Answer:
6,188 different groups of 12 that can be formed from 17 volunteers.
Explanation:
To find the number of different groups of 12 that can be formed from 17 volunteers, we can use the combination formula:
C(n, r) = n! / (r! * (n - r)!)
where n is the total number of volunteers, and r is the number of volunteers needed for each group.
In this case, n = 17 and r = 12. Substituting these values into the formula, we get:
C(17, 12) = 17! / (12! * (17 - 12)!) = (17 * 16 * 15 * 14 * 13 * 12!) / (12! * 5 * 4 * 3 * 2 * 1) = (17 * 16 * 15 * 14 * 13) / (5 * 4 * 3 * 2 * 1) = 6188
Therefore, there are to find the number of different groups of 12 that can be formed from 17 volunteers, we can use the combination formula:
C(n, r) = n! / (r! * (n - r)!)
where n is the total number of volunteers, and r is the number of volunteers needed for each group.

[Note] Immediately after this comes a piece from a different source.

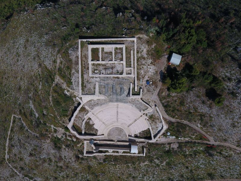 Del teatro, posto a una ventina di metri più in basso, si conservano la cavea semicircolare, ricavata sfruttando il pendio naturale della collina, e la scaena (la struttura dov’era rappresentata la scenografia) situata lungo il margine meridionale della terrazza, rinforzata da quattro torrette.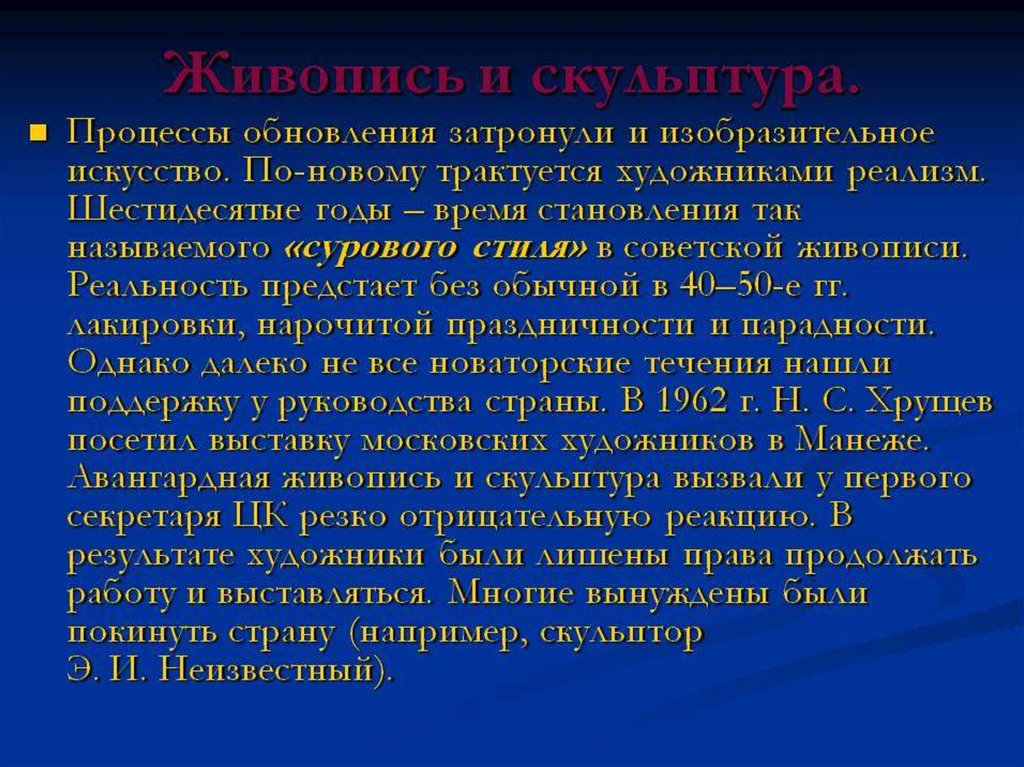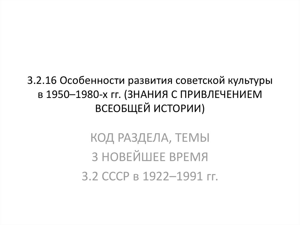1. 3.2.16 Особенности развития советской культуры в 1950–1980-х гг. (ЗНАНИЯ С ПРИВЛЕЧЕНИЕМ ВСЕОБЩЕЙ ИСТОРИИ)

In this case, n = 17 and r = 12. Substituting these values into the formula, we get:
C(17, 12) = 17! / (12! * (17 - 12)!) = (17 * 16 * 15 * 14 * 13 * 12!) / (12! * 5 * 4 * 3 * 2 * 1) = (17 * 16 * 15 * 14 * 13) / (5 * 4 * 3 * 2 * 1) = 6188
Therefore, there are 6,188 different groups of 12 that can be formed from 17 volunteers.